REQUIRED WORK:
The result should be a faithful copy of every entry below, with the pictures left out.

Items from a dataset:
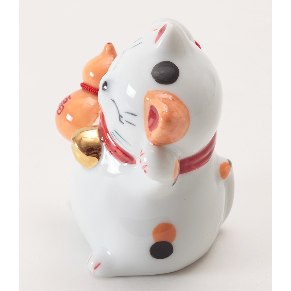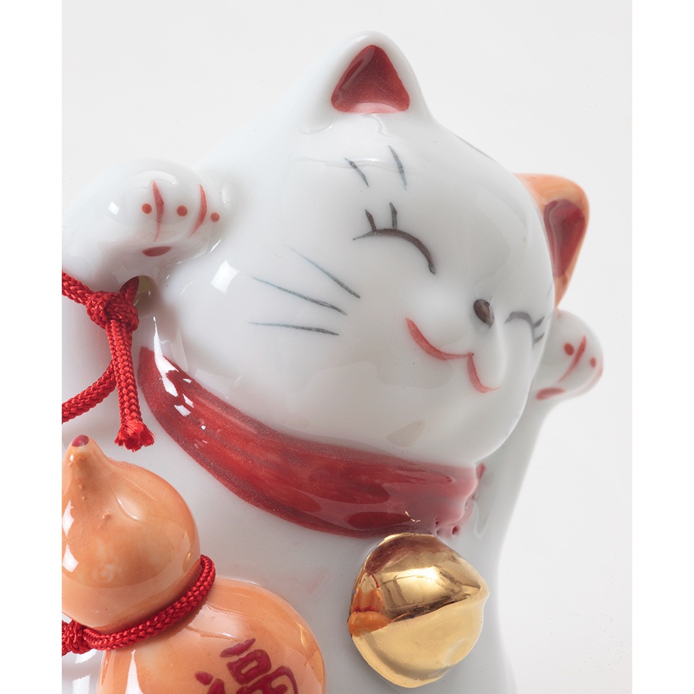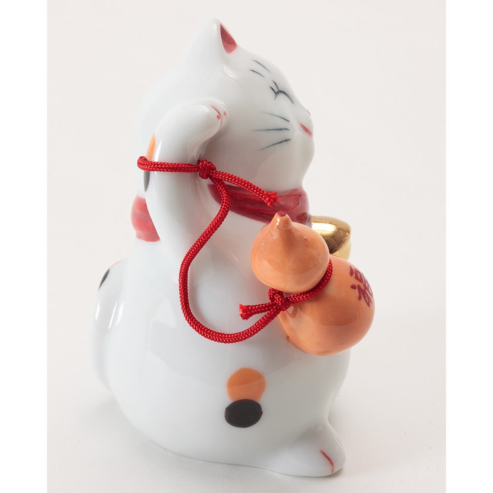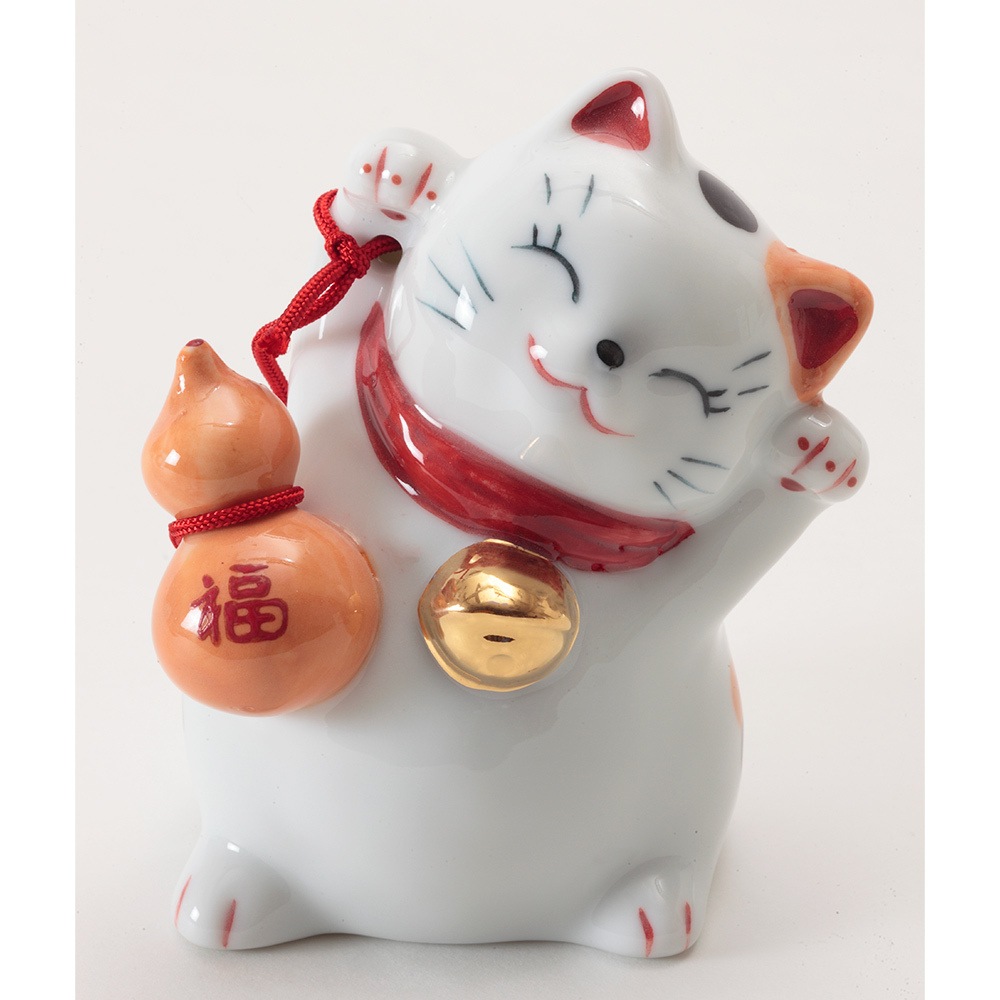 右手に瓢箪を持ち、両手を挙げた姿が特徴的な磁器製の招き猫です。
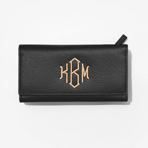 - Personalized wallet is generously sized and made to order with your choice of monogram style, color and design
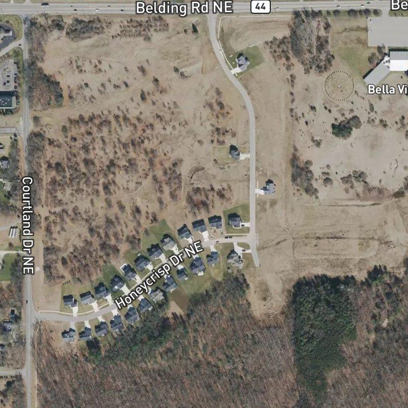 Orchard View sits on 26 acres of platted residential land, and what sticks with you first is the sheer open space—room to breathe that you don't find closer to the city. The subdivision anchors itself on the quieter side of West Michigan, about 21 minutes from downtown Grand Rapids and roughly 30 minutes from Gerald R. Ford Airport, making it workable for commuters who'd rather not live in the thick of things. Homes here run around $665K. Three parks sit within a mile, including one a short walk away, and Lake Bella Vista is 1.6 miles out if you want water access. Grocery stores cluster reasonably close—six within two miles—and restaurants aren't far either, with the nearest about 1.3 miles down the road. Rockford Public Schools serves the area. It's the kind of place where you get land without completely sacrificing convenience, set in the Cannonsburg Rd & Myers Lake Ave area that keeps you connected but separate.
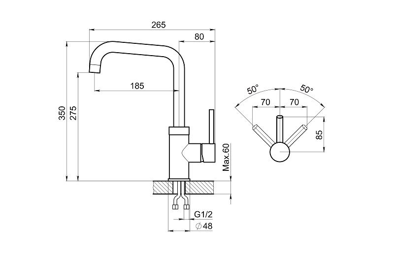 - Гибкий излив:нет
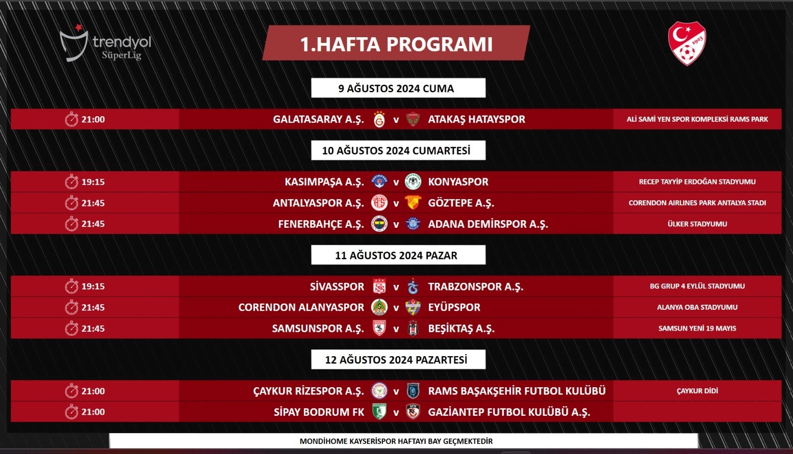 Trendyol Süper Lig'de 1. ve 2. haftanın programı şöyle:
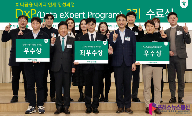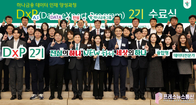 [프레스뉴스] 김대일 기자= 하나금융그룹(회장 함영주)은 지난 15일 오후 그룹 명동사옥에서 그룹 공동의『하나 DxP(Data eXpert Program) 과정』 2기 수료식을 개최하고, 그룹의 데이터 핵심인재 30명을 배출했다고 밝혔다.
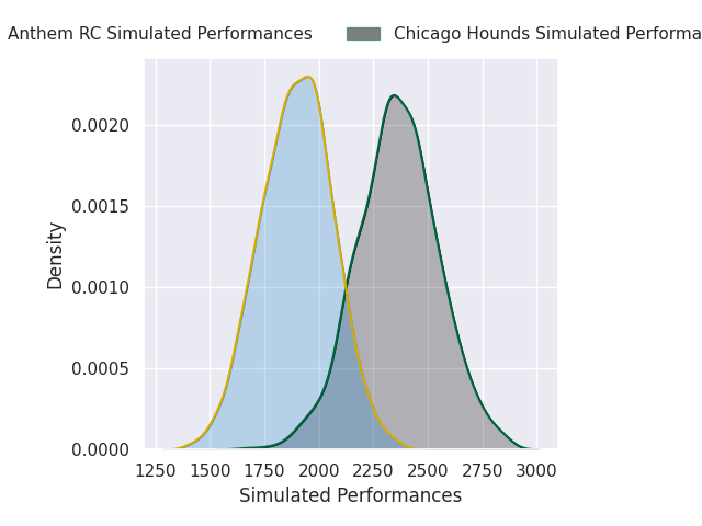Each club has a rating and a rating deviation (similar to a Glicko rating), and expected performances can be generated. This allows for simulated matches and spreads like the ones below.
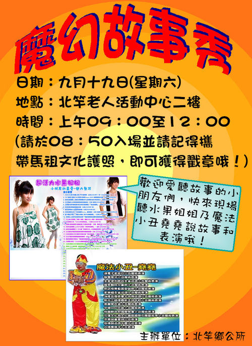歡迎愛聽故事的小朋友們來現場聽水果姐姐說故事及魔法小丑堯堯表演哦
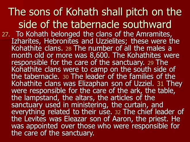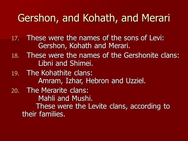Numbers 4, the Sons of Korath, the Sons of Gershon, the Sons of Merari, Census of the Levites. Numbers 4, the Sons of Korath, the Sons of Gershon, the Sons of Merari, Census of the Levites.
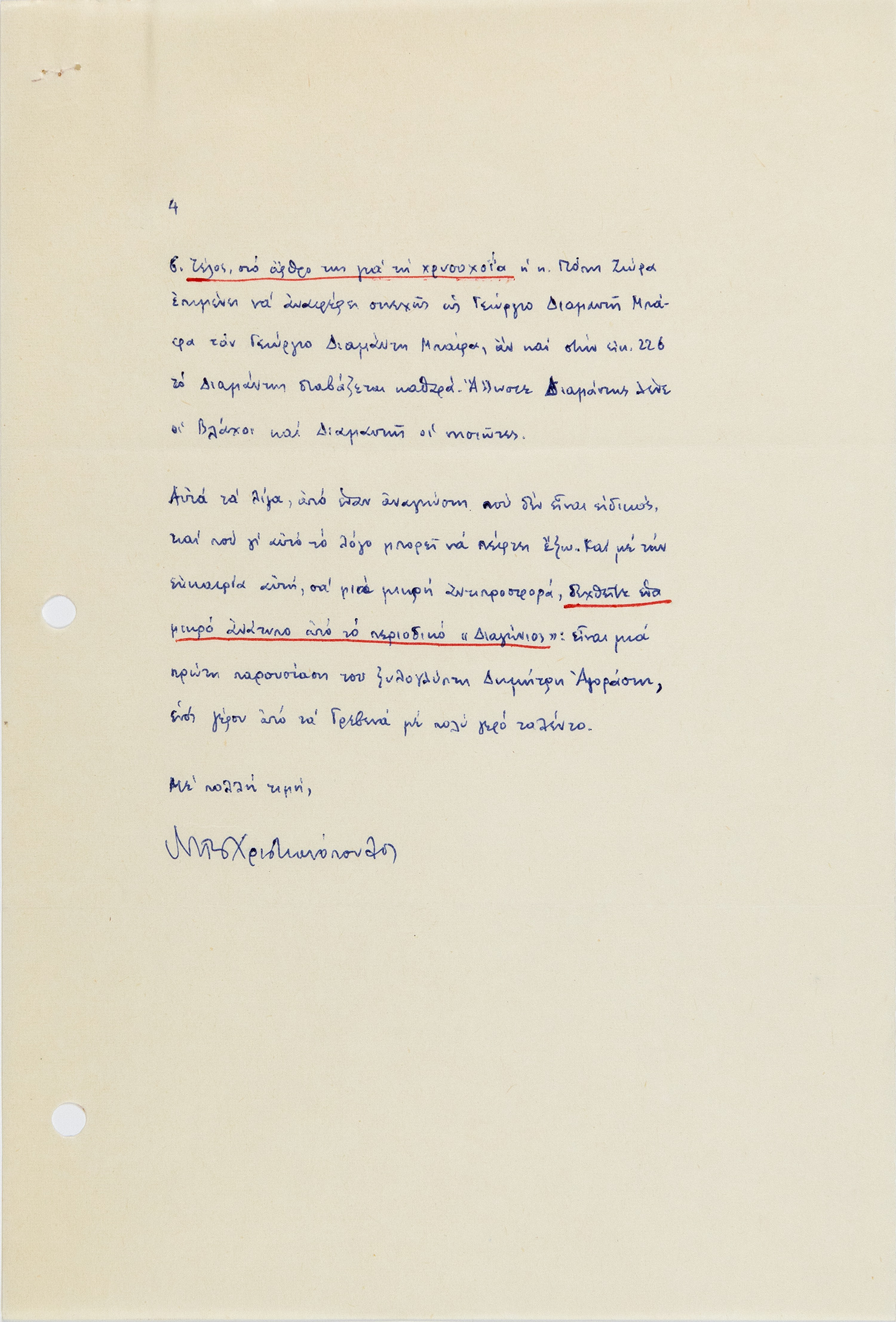 Αὐτόγραφη ἐπιστολή μὲ τὴν ὑπογραφὴ του («Ντῖνος Χριστιανόπουλος») πρὸς τόν Ἐμμανουὴλ Χ. Κάσδαγλη, διευθυντὴ τοῦ ΜΙΕΤ («Ἀξιότιμε κ. Διευθυντά»), μὲ τὴν ὁποία τὸν εὐχαριστεὶ γιὰ τὴν ἀποστολὴ τῆς ἔκδοσης «Νεοελληνικὴ χειροτεχνία» καὶ τοῦ ἐκθέτει τὶς παρατηρήσεις του σχετικὰ μὲ τὴν ἔκδοση.
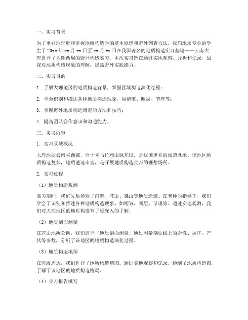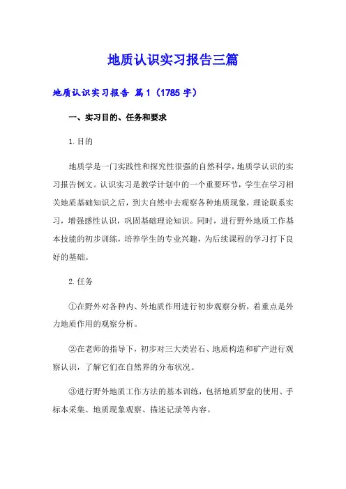 二、实习目的1. 学习地质学的基本理论知识和研究方法;2. 了解地质学在实际工作中的应用;3. 提高地质实地调查和样品采集技能;4. 提升数据处理和实验技术。
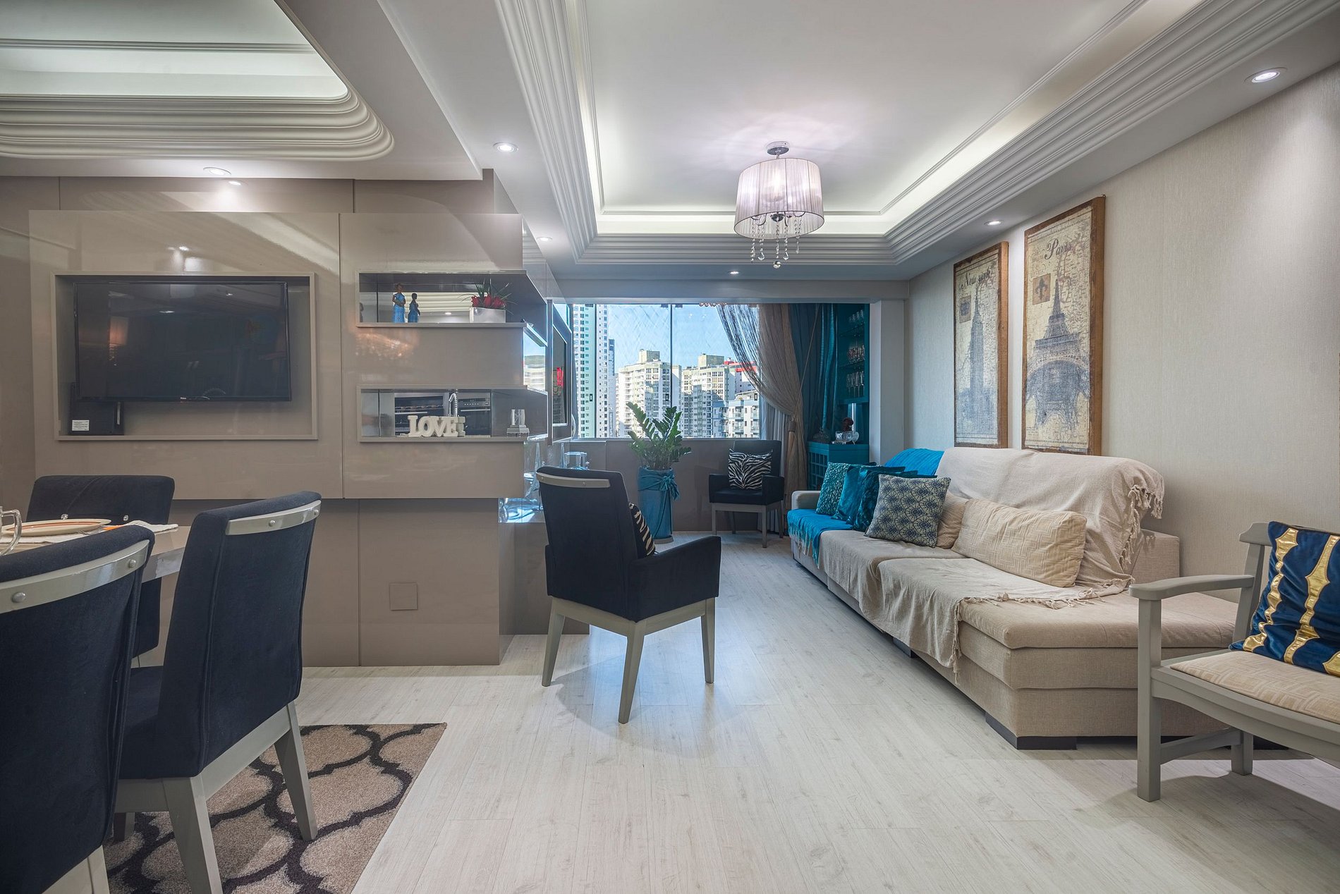 Sala de estar aconchegante com ar-condicionado, ideal para momentos de relaxamento.
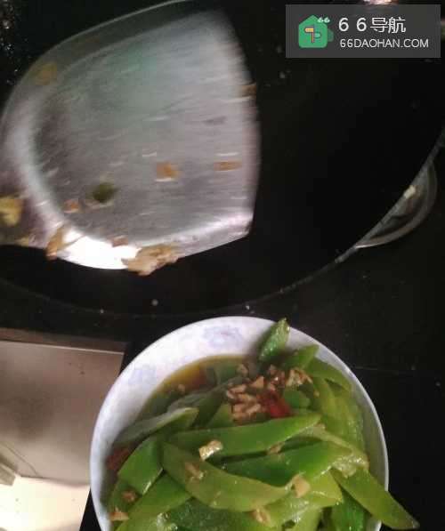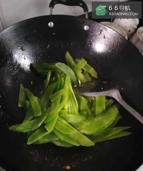 4第四步,等蒜和红辣椒炒香以后倒入切好的莴笋片。
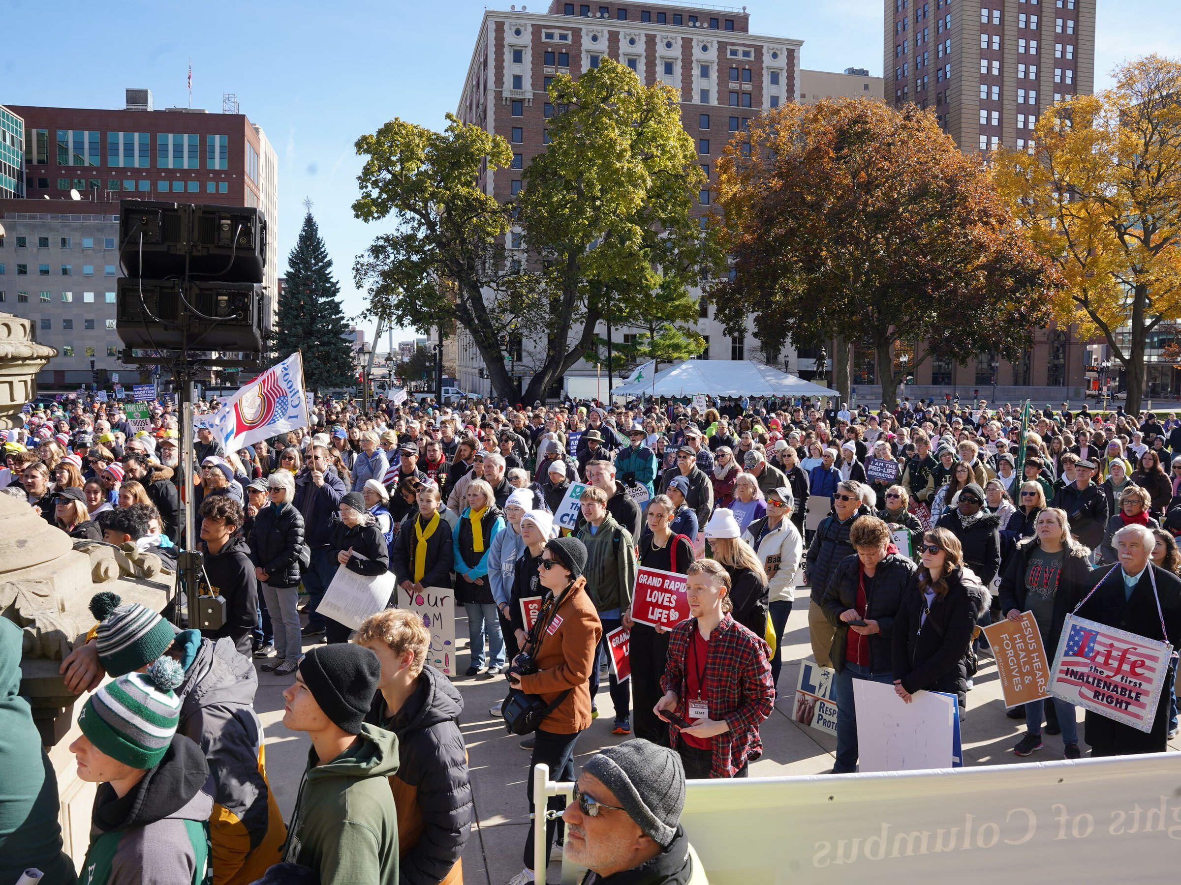 “I hope our friends in the news media who are here with us today — and we’re so honored to have them — I hope they report the turnout,” said Amber Roseboom, president of Right to Life-Michigan. “We have thousands — not hundreds — here in Lansing to stand for life today. Praise God for this beautiful weather. But look around; this is the future of the pro-life movement. We stand with, not against, women facing unplanned pregnancies. We offer compassion, the truth in love, hope, including the practical care and support to make a choice for life.”

EXPECTED ANSWER:
 右手に瓢箪を持ち、両手を挙げた姿が特徴的な磁器製の招き猫です。
 - Personalized wallet is generously sized and made to order with your choice of monogram style, color and design
 Orchard View sits on 26 acres of platted residential land, and what sticks with you first is the sheer open space—room to breathe that you don't find closer to the city. The subdivision anchors itself on the quieter side of West Michigan, about 21 minutes from downtown Grand Rapids and roughly 30 minutes from Gerald R. Ford Airport, making it workable for commuters who'd rather not live in the thick of things. Homes here run around $665K. Three parks sit within a mile, including one a short walk away, and Lake Bella Vista is 1.6 miles out if you want water access. Grocery stores cluster reasonably close—six within two miles—and restaurants aren't far either, with the nearest about 1.3 miles down the road. Rockford Public Schools serves the area. It's the kind of place where you get land without completely sacrificing convenience, set in the Cannonsburg Rd & Myers Lake Ave area that keeps you connected but separate.
 - Гибкий излив:нет
 Trendyol Süper Lig'de 1. ve 2. haftanın programı şöyle:
 [프레스뉴스] 김대일 기자= 하나금융그룹(회장 함영주)은 지난 15일 오후 그룹 명동사옥에서 그룹 공동의『하나 DxP(Data eXpert Program) 과정』 2기 수료식을 개최하고, 그룹의 데이터 핵심인재 30명을 배출했다고 밝혔다.
Each club has a rating and a rating deviation (similar to a Glicko rating), and expected performances can be generated. This allows for simulated matches and spreads like the ones below.
歡迎愛聽故事的小朋友們來現場聽水果姐姐說故事及魔法小丑堯堯表演哦
Numbers 4, the Sons of Korath, the Sons of Gershon, the Sons of Merari, Census of the Levites. Numbers 4, the Sons of Korath, the Sons of Gershon, the Sons of Merari, Census of the Levites.
 Αὐτόγραφη ἐπιστολή μὲ τὴν ὑπογραφὴ του («Ντῖνος Χριστιανόπουλος») πρὸς τόν Ἐμμανουὴλ Χ. Κάσδαγλη, διευθυντὴ τοῦ ΜΙΕΤ («Ἀξιότιμε κ. Διευθυντά»), μὲ τὴν ὁποία τὸν εὐχαριστεὶ γιὰ τὴν ἀποστολὴ τῆς ἔκδοσης «Νεοελληνικὴ χειροτεχνία» καὶ τοῦ ἐκθέτει τὶς παρατηρήσεις του σχετικὰ μὲ τὴν ἔκδοση.
 二、实习目的1. 学习地质学的基本理论知识和研究方法;2. 了解地质学在实际工作中的应用;3. 提高地质实地调查和样品采集技能;4. 提升数据处理和实验技术。
 Sala de estar aconchegante com ar-condicionado, ideal para momentos de relaxamento.
 4第四步,等蒜和红辣椒炒香以后倒入切好的莴笋片。
 “I hope our friends in the news media who are here with us today — and we’re so honored to have them — I hope they report the turnout,” said Amber Roseboom, president of Right to Life-Michigan. “We have thousands — not hundreds — here in Lansing to stand for life today. Praise God for this beautiful weather. But look around; this is the future of the pro-life movement. We stand with, not against, women facing unplanned pregnancies. We offer compassion, the truth in love, hope, including the practical care and support to make a choice for life.”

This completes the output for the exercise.